Luzern: Definitiv kein Internat im Utenberg

Stadt ist nicht bereit, weitere Kantonsaufgaben zu finanzieren

Das stillgelegte Hallenbad Utenberg

Das Internat für Sonderschüler in der Kinder- und Jugendsiedlung Utenberg in Luzern ist vom Tisch. Das Stadtparlament hat die Vorlage definitiv beerdigt. Grund sind die Sparmassnahmen des Kantons, der sich nicht wie geplant an der Finanzierung beteiligt. Dabei fehlen Sonderschulplätze innerhalb des Kantons.

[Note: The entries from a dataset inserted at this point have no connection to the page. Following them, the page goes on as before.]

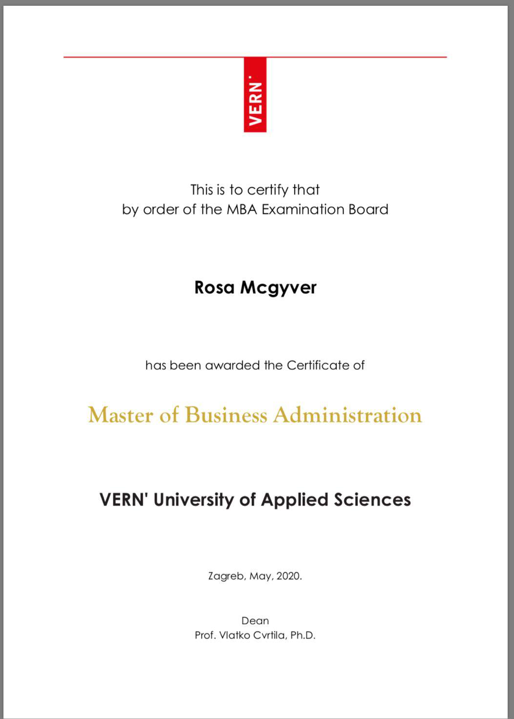 克罗地亚VERN 应用科学大学颁发国际承认的“工商管理MBA硕士学位证书”
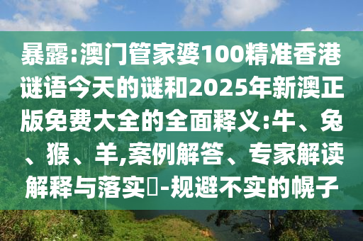 關于澳門管家婆100精準香港謎語今天的謎和2025年新澳正版免費大全的全面釋義、專家解讀與落實及警惕虛假宣傳——以牛、兔、猴、羊為例的案例分析
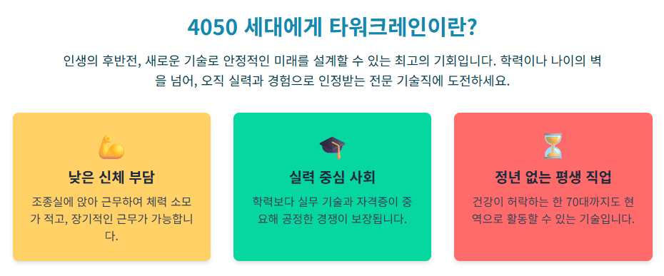V. 중장년층에게 타워크레인 기술이 최적인 이유: 경력 전환의 성공 방정식

Das Luzerner Stadtparlament hatte das Geschäft im vergangenen Jahr sistiert, bereits damals waren die kantonalen Sparmassnahmen der Grund. Damals hoffte man noch, dass sich die Situation entspannt. Doch auch weitere Verhandlungen über die Finanzierung zwischen Stadt und Kanton Luzern führten nicht zum gewünschten Resultat.

"Es wäre eine Win-Win-Situation."

Die Haltung des Kantons sei unverständlich, so Stadtparlamentarier Stefan Sägesser von den Grünliberalen: "Es wäre eine Win-Win-Situation für alle geworden." Auch Sozialdirektor Martin Merki zeigte sich enttäuscht. Aber die Finanzierung sei nicht gesichert gewesen, weil die Zusagen des Kantons fehlten.

Das geplante Internat für Sonderschüler wäre im stillgelegten Hallenbad Utenberg eingerichtet worden. Dieses steht inzwischen bereits seit vier Jahren leer. Im Kanton Luzern fehlen Sonderschulplätze in Internaten, weshalb zahlreiche Kinder ausserkantonal platziert sind.